A souligner encore : plus grande
et mieux équipée, la nouvelle Mazda6 (Mazda
Atenza au Japon) est malgré tout plus légère que le
modèle qu'elle remplace !
Dynamique sur route
Ici encore l'esprit "zoom-zoom" a soufflé son
savant mélange de dynamisme, modernité et plaisir : quelle
que
soit la version essayée, la Mazda6 est un régal de conduite. Ses
suspensions fermes, tout en offrant un excellent confort,
renforcent l’impression de sécurité et poussent même à adopter
une conduite sportive d'autant plus que la boite de vitesse à
six rapports est précise et rapide. Evidemment, le confort peut
se dégrader sur des routes à nids de poule, mais la tenue de
route restera bonne. Sur les petites routes du Condroz, la
précision de sa direction et son dynamisme ont été un véritable
enchantement et on se croit rapidement à bord d'un véhicule
sportif d'un gabarit nettement inférieur tellement son châssis
surprend par son agilité. Dans certaines circonstances, on
pourra même déclencher un décrochage de l'essieu arrière. Le
freinage est puissant mais nécessite une pression sur la pédale
de frein plus accentuée que sur ses concurrentes françaises, ce
qui d'ailleurs, en facilite le dosage.
Son moteur MZR-CD 2.0 développe 140 ch. au
régime paisible de 3500 rpm. Bruyant à froid, il sait se faire
oublier sur l'autoroute en ronronnant gentiment. Doté d'un
couple de 330 Nm à 2000 rpm et grâce au poids contenu du
véhicule, il donne de bonnes reprises après 1800 rpm. Quant à sa
consommation, on peut facilement rester aux alentours de
6 litres au 100 km voire moins pour la Sedan, ce qui est honnête
mais sans plus. Il faut signaler que les conditions hivernales
que l'on a eues ces dernières semaines n'ont pratiquement pas
influencé celle-ci.
Actuellement, ce moteur est secondé voire
remplacé par une unité plus moderne : le MZR-CD 2.2 litres.
Celui-ci est décliné en trois niveaux de puissance à savoir 125,
165 et 185 ch. au même régime de 3500 rpm. Les couples de ces
moteurs sont respectivement de 310, 360 et 400 Nm entre 1800 et
3000 rpm. Outre sa cylindrée plus importante, ce nouveau moteur
a de faibles niveaux d’émissions et une consommation réduite
voire même inférieure à son prédécesseur.
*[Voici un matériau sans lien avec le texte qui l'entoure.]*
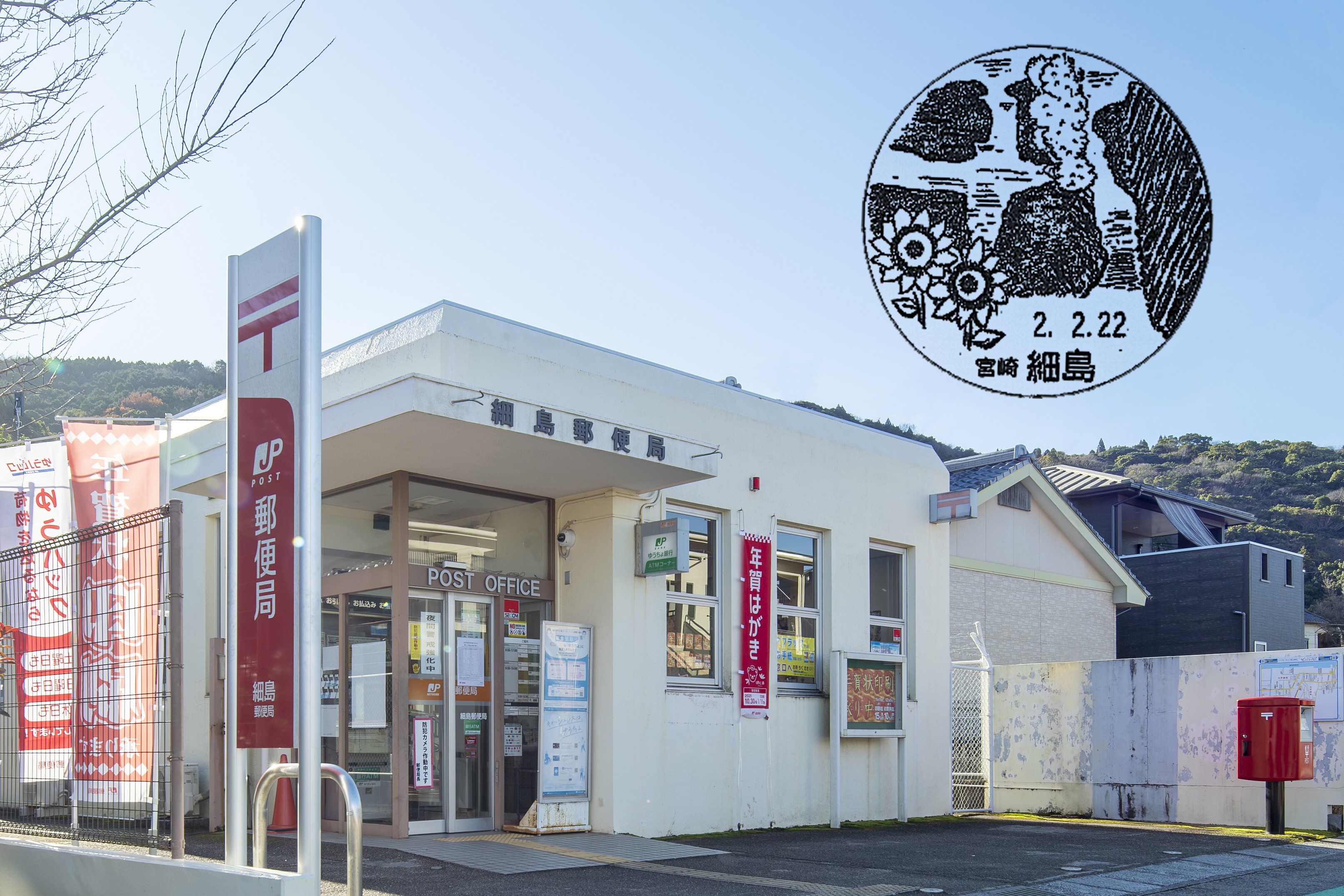 日向岬・馬ヶ背を訪れたあとに、ぜひ立ち寄りたいのが細島郵便局です。ここでは、馬ヶ背の風景を描いた風景印を押すことができ、旅先で感じた感動を、そのまま大切な人へ届けることができます。
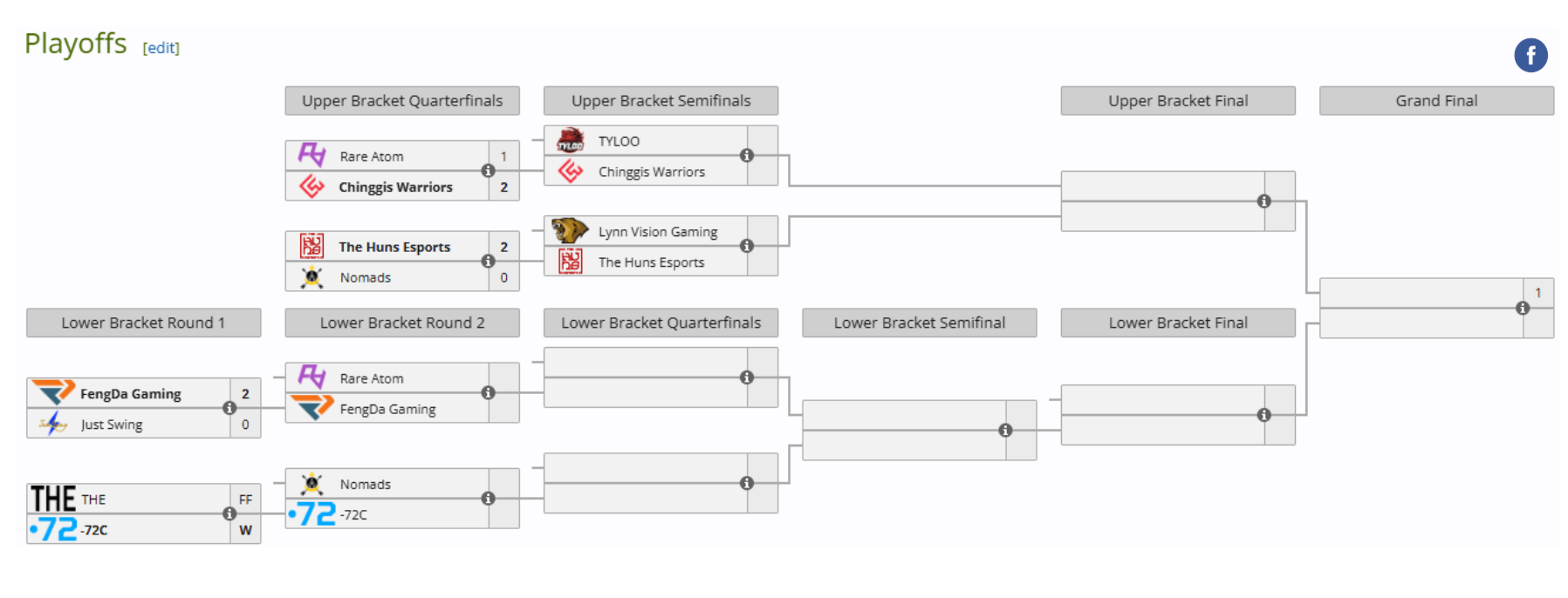 Ийнхүү тус хоёр баг шөвгийн дөрөвт шалгарсан бөгөөд өнөөдөр 20:00 цагаас Huns баг Хятадын "Lynn Vision Gaming" багтай, Chinggis Warriors мөн Хятадын "TYLOO" багтай тоглохоор тус тус оноолт таарлаа.
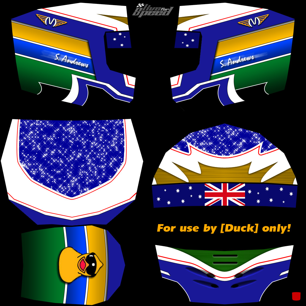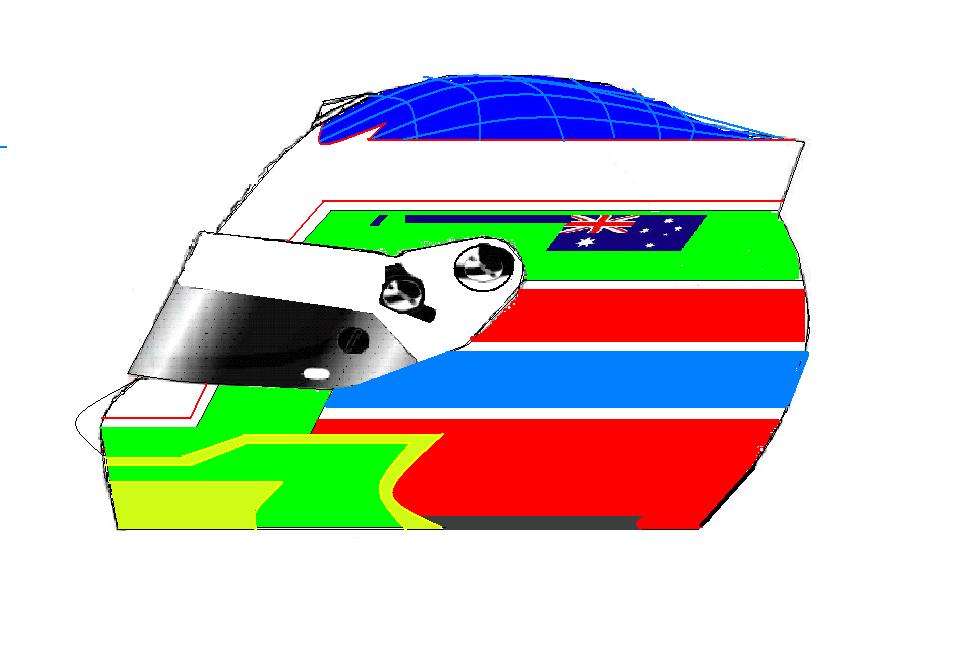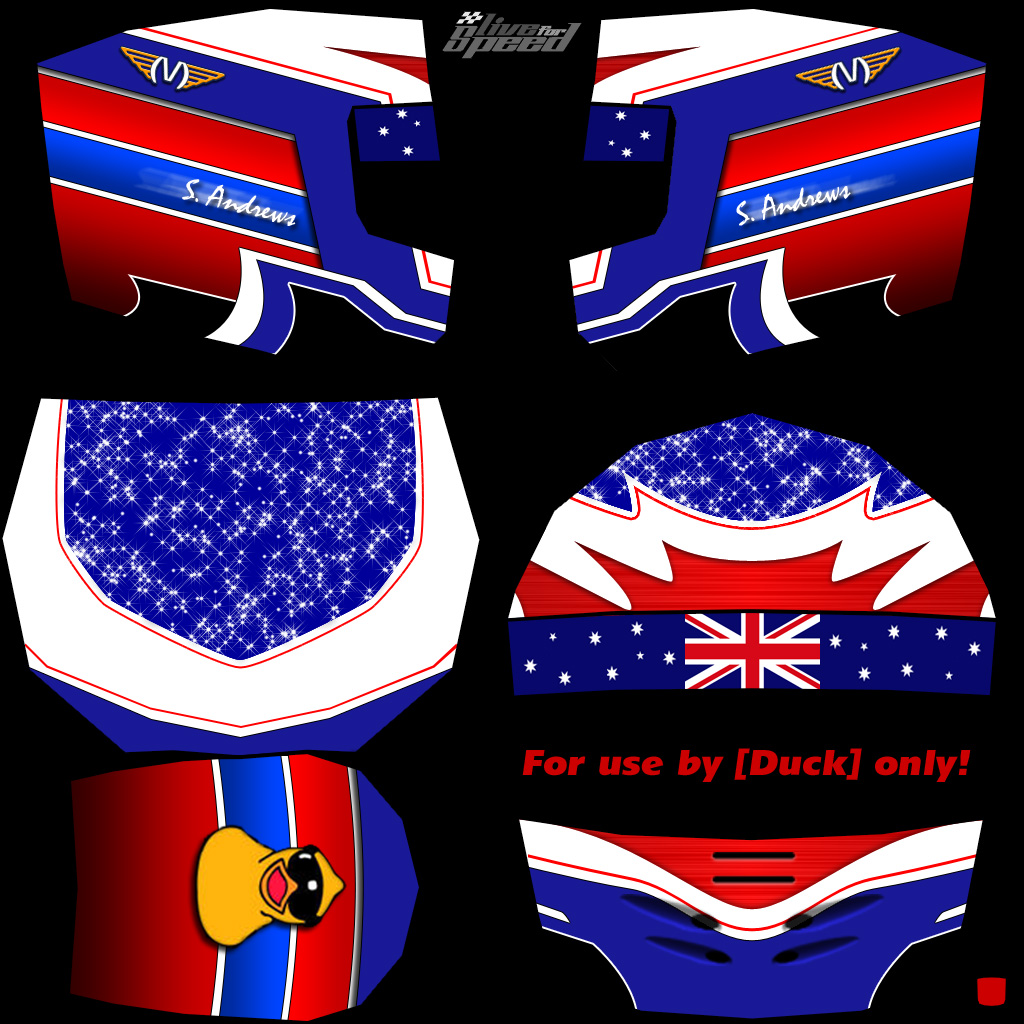 Not 1, but 2 helmets, based on that design, but tweaked a little bit and some creative license added in there. I didnt like the green & yellow with the red & blues, it felt a little too much with so many vivid colours, so i went with just red and blues and then incorporated a little more aussie flag into the design (colours & stars), and then just as i was finished, and hitting the SIX hour mark, i decided i'd tweak it a little more and did an Aussie themed helmet to match the Aussie style Mercury FOX skin, swapping the reds for yellow & green which i'd earlier removed.

Cependant, pour des
raisons fiscales évidentes, le MZR-CD 2.0 subsiste sur le marché
belge en lieu et place du MZR-CD 2.2 litres de 125 ch.
Trente-neuf ans plus tard
Après avoir été longtemps des machines à
rouler, les Mazda deviennent des machines à vivre, à vivre même
intensément… Avec une habitabilité supérieure à la moyenne, un
châssis incroyable et un moteur coupleux à souhait, la chenille
est devenue papillon. En la comparant à ses concurrentes
asiatiques ou européennes, elle est de loin celle qui a été
conçue et fabriquée par passion et non par raison.
Il est
accouplé à un système Audio Pilot® qui ajuste
automatiquement les caractéristiques audio pour neutraliser
efficacement les bruits contenus dans l’habitacle.